Batteries are more complicated than dividing the AmpHour rating of the batter by the hours and figuring that's the amps you get for that duration.
The sizing for large batteries (lead acid) for power plants involved first developing a load pofile ( amps load vs time )and then using the Hoxie method to size the batteries.
Available battery output will vary over time for the reasons stated above and for physical charesterics of the electrolyte in the case. The fluid next the plates changes first and fluid in the bottom or sides of the jar discharge later. Thats a simple answer. I remember reading that some Navy batteries had forced electrolyte circulation. The power that is stored in a battery is in the electroyte (all of it), you get it out from the reaction that occurs at the plates.
There is lots of info on the web about submarine batteries. A lot of the science was developed for Submarines.
http://www.fleetsubmarine.com/battery.html
If get get around a "Squid" who was an electrican or engineering officer and want to know about batteries most of them know the subject very well.
Of course, it's a submarine battery! :roll:I was at Pier 39 in S.F. They have a submarine battery on display, it said the thing weighed 100,000lbs!
It depends what type of battery your refering to. They've had Ni-MH cells charging at .1C for over two years with no damage. With these cells, a slow timed charge is always the best. It's also the best way to "try" to correct a unbalanced pack.Whoa, not necessarily. I believe you will find that a modern 3 or 4 mode charger needs to provide at least C/10 for the initial (bulk) charge ... the battery engineers I've spoken to say that C/5 is better.

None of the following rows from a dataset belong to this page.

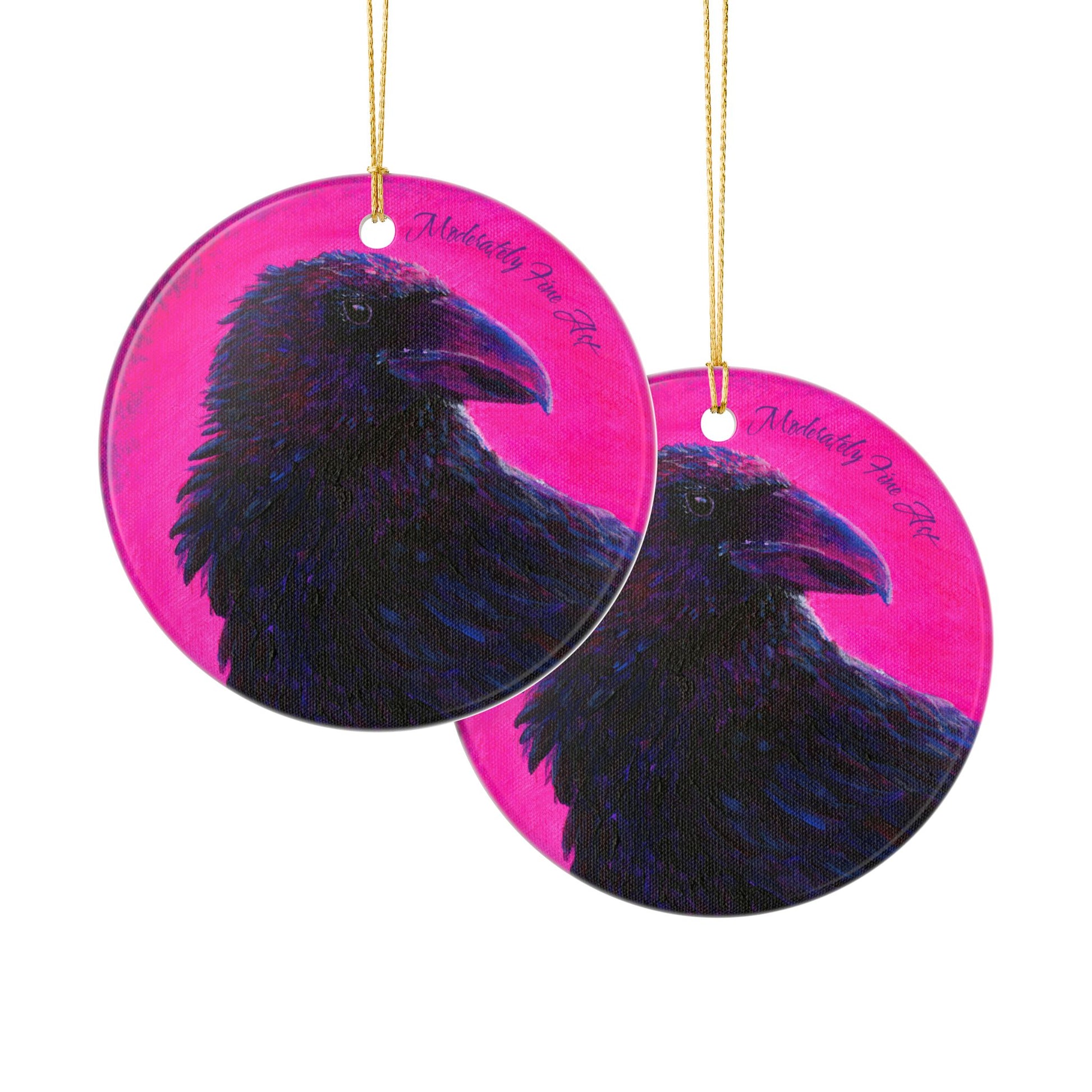 These 2-Side Print ceramic ornaments featuring a vibrant crow from Andy Carlson's Murder series are perfect for adding a touch of moody style to your holiday decor. Each ornament comes with a yellow string for hanging and is a great addition to any holiday tree or as a gift for art lovers and collectors. Relevant for Christmas, Halloween, and art-themed celebrations.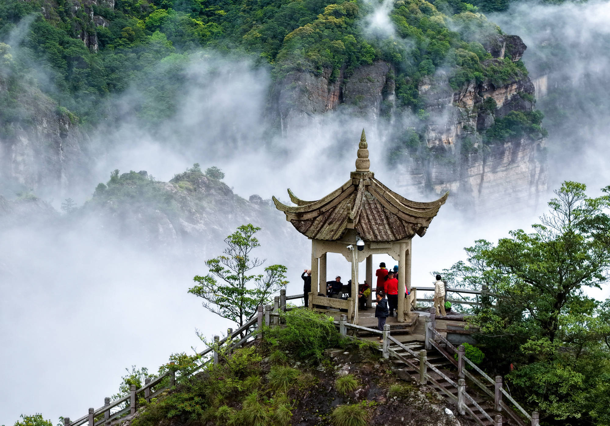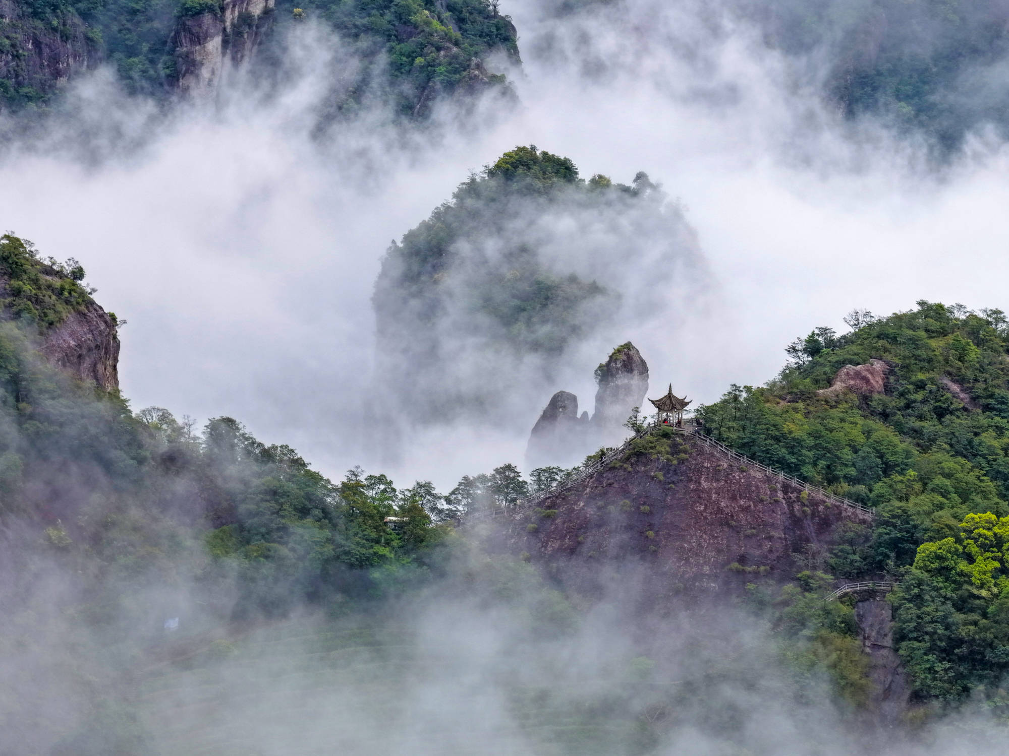 2026年4月12日,浙江省温州市雁荡山方洞景区云海翻腾、峰峦隐现,宛如仙境,吸引游客前来打卡游玩。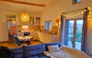 - Fully equipped kitchen with terrace access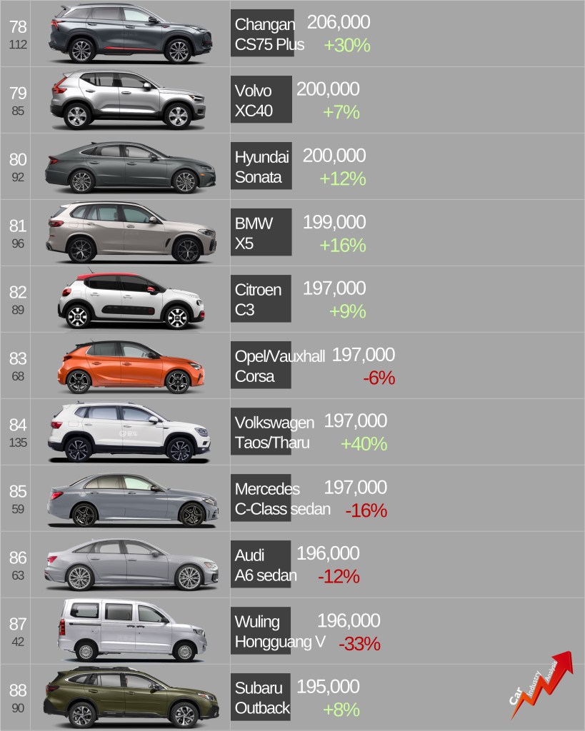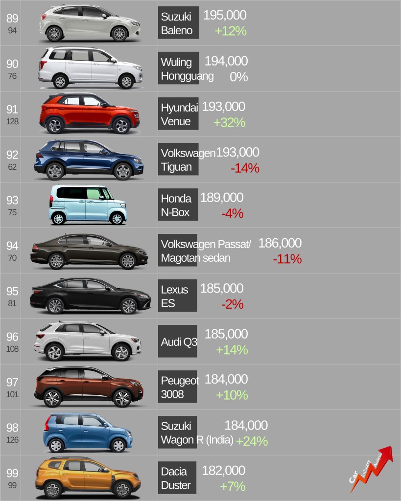 Note: this ranking splits the models by bodytype and brand, with the exception of Opel/Vauxhall and Suzuki/Maruti.
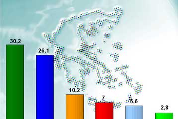 Συγκεκριμένα, στο ερώτημα εάν την επόμενη Κυριακή διεξάγονταν ευρωεκλογές, το ΠΑΣΟΚ θα συγκέντρωνε 28,5%, η ΝΔ 26,5%, ο ΣΥΝ 13%, το ΚΚΕ 7,9%, ο ΛΑΟΣ 7,1% και οι Οικολόγοι – Πράσινοι 3,8%.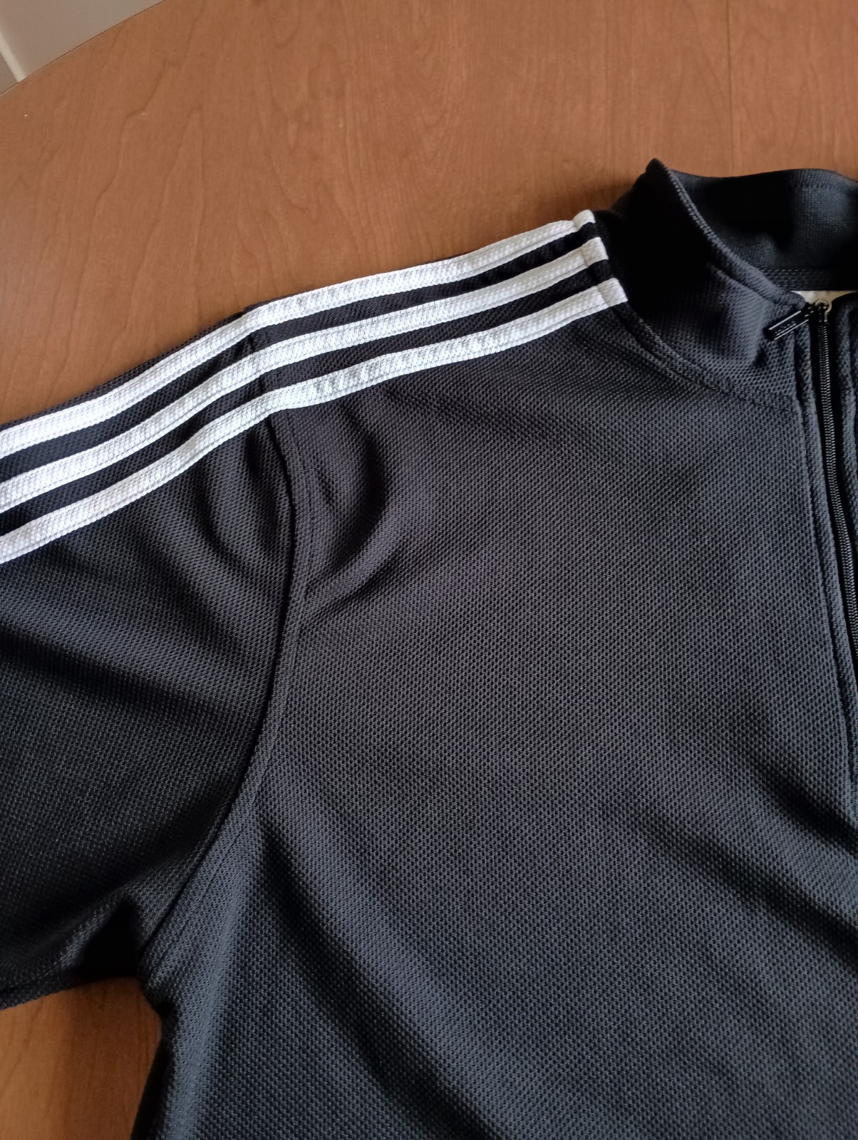 Condition is used/pre-owned - multiple small snagged threads in multiple areas, see photos, penny for size. Color is black with signature 3 stripes on sleeves Adidas text in front is embroidered. 1/4 Zip - zipper works as it should. Side tag says 07/04 Size says Medium - see photos for approximate measurements This is currently being stored in a smoke/pet friendly home (will be put back in packaging until sold) Please see all photos before purchasing Check out my other listings as well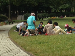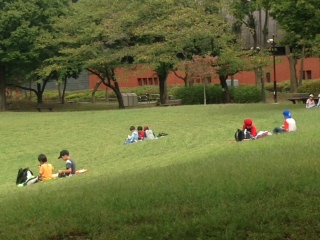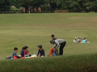 頭を使って買い物をし、集合時間に間に合わせて歩いたりなどで、空腹感が高まり、あっという間にお弁当を平らげました。広い芝生があり、食べ終わるとすぐに元気にからだを動かし始めました。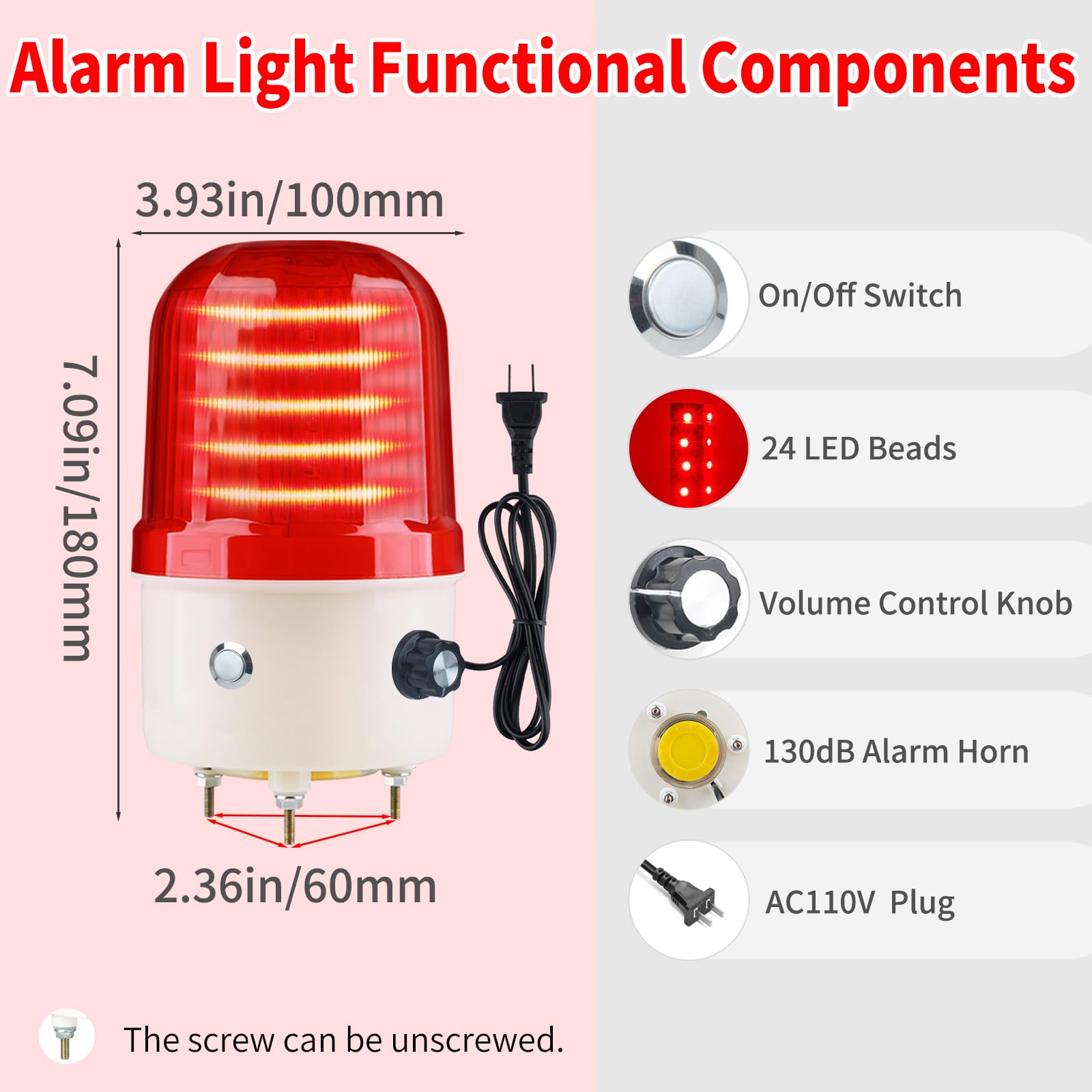 Power Switch: Includes a red rotating strobe light with a power switch and a 110V cord with a plug.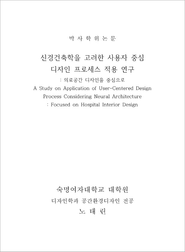 신경건축학을 고려한 사용자 중심 디자인 프로세스 적용 연구 : 의료공간 디자인을 중심으로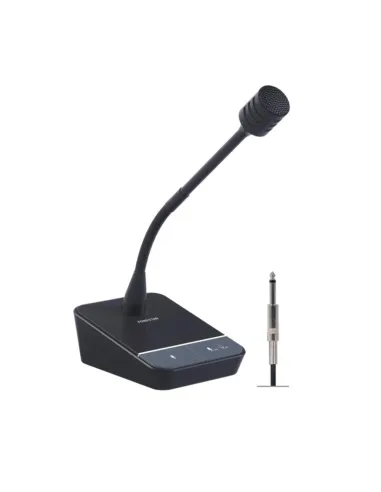 El MICSET-D32J es un micrófono de sobremesa con cápsula dinámica cardioide, pensado para entornos de comunicación, conferencias y aplicaciones profesionales donde se requiere claridad de voz y fiabilidad. Su diseño combina un flexo ajustable con base estable y conectividad directa mediante jack de 6,3 mm mono, ofreciendo un uso sencillo y práctico.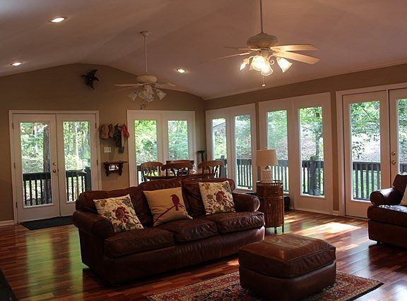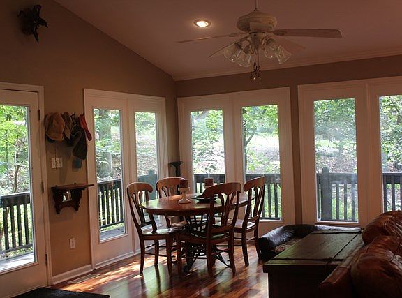 Little piece of heaven with a water view from the wraparound decks on this ranch home with an open floor plan. The great room features a vaulted ceiling, 3 walls of windows & French doors and laminate wood floors. The kitchen boasts nice white cabinetry, granite counter tops including a bar counter and stainless steel appliances. 2 bedrooms and 2 bathrooms complete this charming home. The exterior features a covered deck and 2 open decks, an easy walk to the water and a dock with new boards.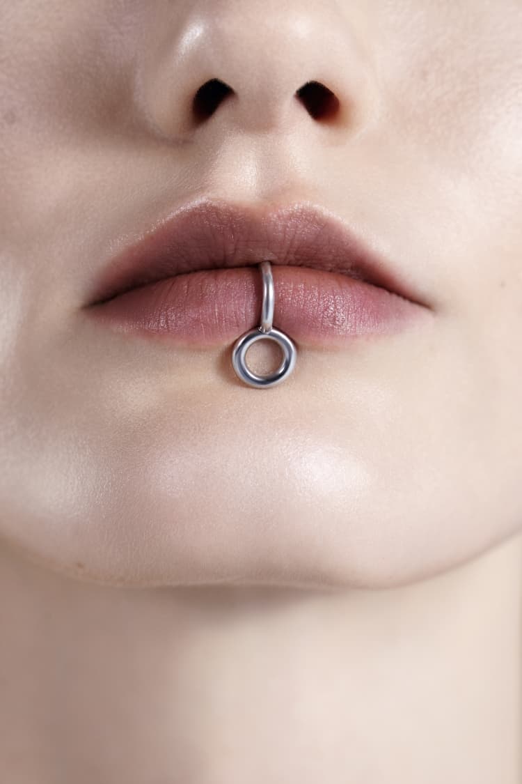 Joya de labio tipo cuff redondeada de plata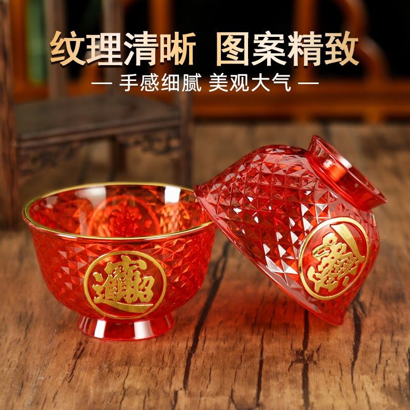 结婚红色小碗塑料拜拜小红碗上供专用碗闽南潮汕财神爷拜神斋菜碗

Remember that these smart chargers charge at current limit to a voltage, switch to a constant current mode to another voltage, then float at a temperature compensated level ... if they are the good ones.
It is not good to put a C/50 or C/100 on and leave it. In addition to ultimate damage, that often will not fully charge it either!.
Can someone puts this in lameman's terms. It sounds like it should be the opposite.
I read this in my photovoltaic systems book. Thank you for your help.